Charles Rex eBook

Ethel May Dell
This eBook from the Gutenberg Project consists of approximately 401 pages of information about Charles Rex.

Charles Rex eBook

Ethel May Dell
This eBook from the Gutenberg Project consists of approximately 401 pages of information about Charles Rex.

“And yet you loved her?” Saltash said, with a queer twist of the features that was not of mirth.

“I loved her, yes.  If I hadn’t loved her I would never have come to her when she called.  That is love—­the thing that doesn’t die.”  A sudden throb sounded in Larpent’s voice.  He paused for a moment in his walk, then paced on.  “You may laugh at it—­call it what you will—­but there is a power on the earth that is stronger than anything else, and when that power speaks we have got to obey.  I didn’t want to come.  You think me a damn fool for coming.  But I had to.  That’s all there is to it.”

“I don’t think you any sort of a fool,” Saltash threw in briefly.  “You did the only thing possible.”

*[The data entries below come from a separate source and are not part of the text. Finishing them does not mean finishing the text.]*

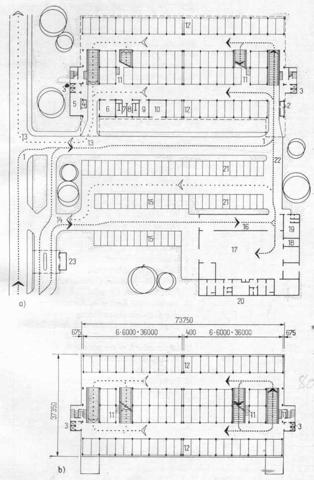 Вназемных многоэтажных гаражах помещения ТО и ТР могут размещаться только на первом и последнем этажах без транзитного движения автомобилей по этажам (при устройстве изолированных рамп.
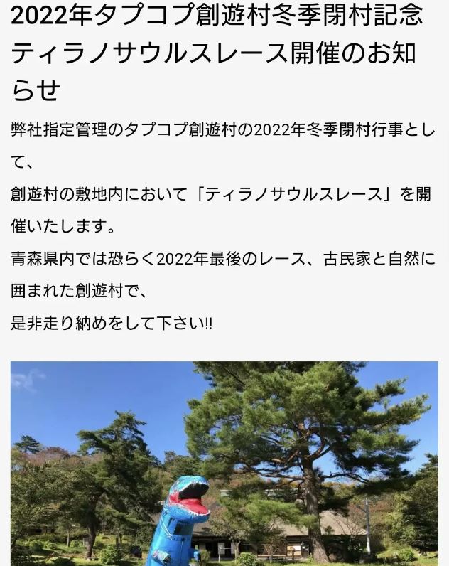 参加予定のみなさん、楽しみにしていたみなさん申し訳ありません🙇#青森県 #田子町 #タプコプ創遊村 #創遊村#ティラノサウルスレース #ティラノサウルス #イベント pic.twitter.com/V4vVnx5uci— 田子町観光協会 (@takkokanko) December 4, 2022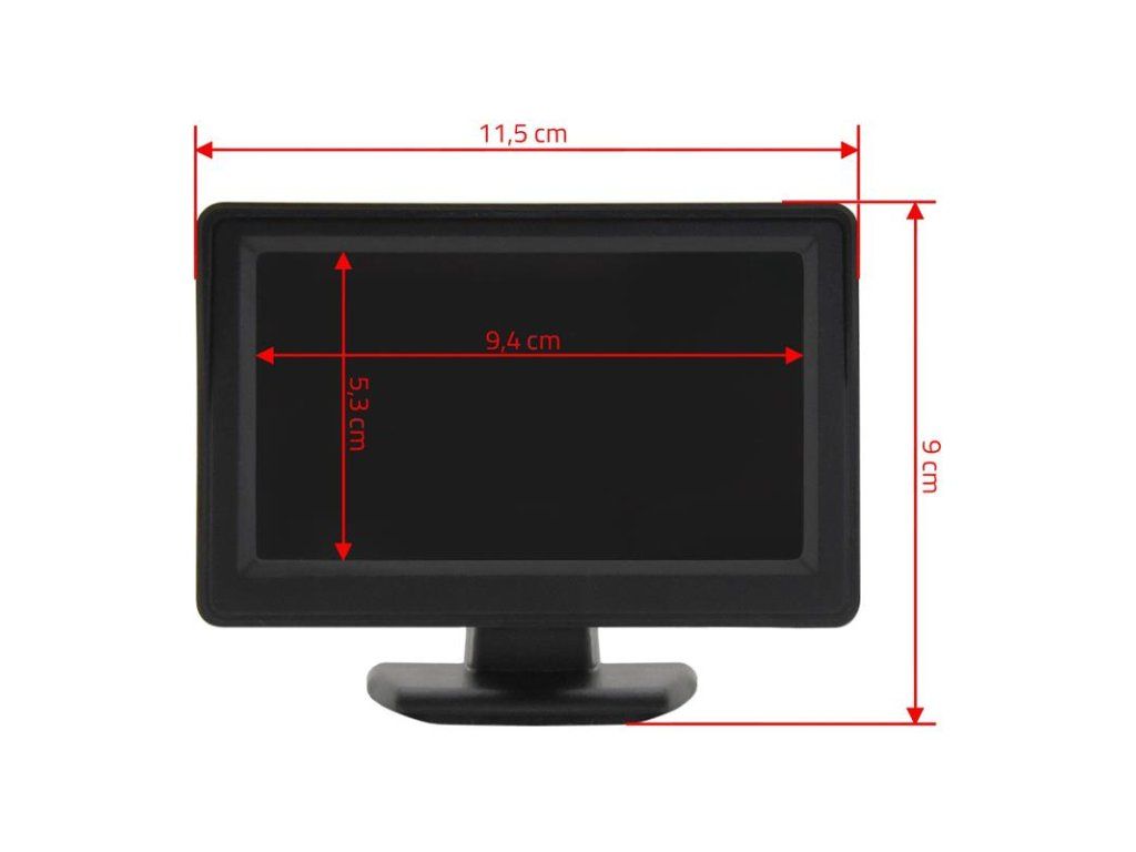 Displej možno ľahko upevniť na vhodné miesto pomocou lepiacej vrstvy na spodnej strane stojana. Vonkajšie rozmery displeja so stojanom sú 11,5 cm x 9 cm. Samotný 4,3" displej má rozmery 9,4 x 5,3 cm. Pozorovací uhol displeja možno nastaviť pomocou stojana.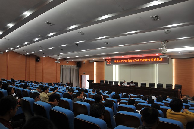 (本网讯)9月16日下午,学校在图书馆报告厅召开了党的群众路线教育实践活动领导班子整改方案通报会。省委督导组成员金望明,在家的校领导,各二级单位副处以上干部,学校学术委员会成员、教学指导委员会成员,市级以上“两代表一委员”,担任过学校党政正职的同志和近五年离退休的班子成员,各民主党派学校基层组织主委参加了会议。会议由校长李建华主持。

“Yes, the only thing.  I came to her.  If I hadn’t come, she’d have died—­alone.  But that alone wasn’t why she sent for me—­it was the primary reason, but not the only one.  There was another.”  Larpent ceased his pacing and deliberately faced the man who stood listening.  “You know what happened to-night,” he said.  “That child—­the scaramouch you picked out of the gutter at Valrosa—­Toby—­do you realize—­have you grasped—­the meaning of that yet?”

Saltash flung up his head with an arrogant gesture.  “There is one thing about her you have not grasped,” he said.  “But go on!  I may as well hear it.”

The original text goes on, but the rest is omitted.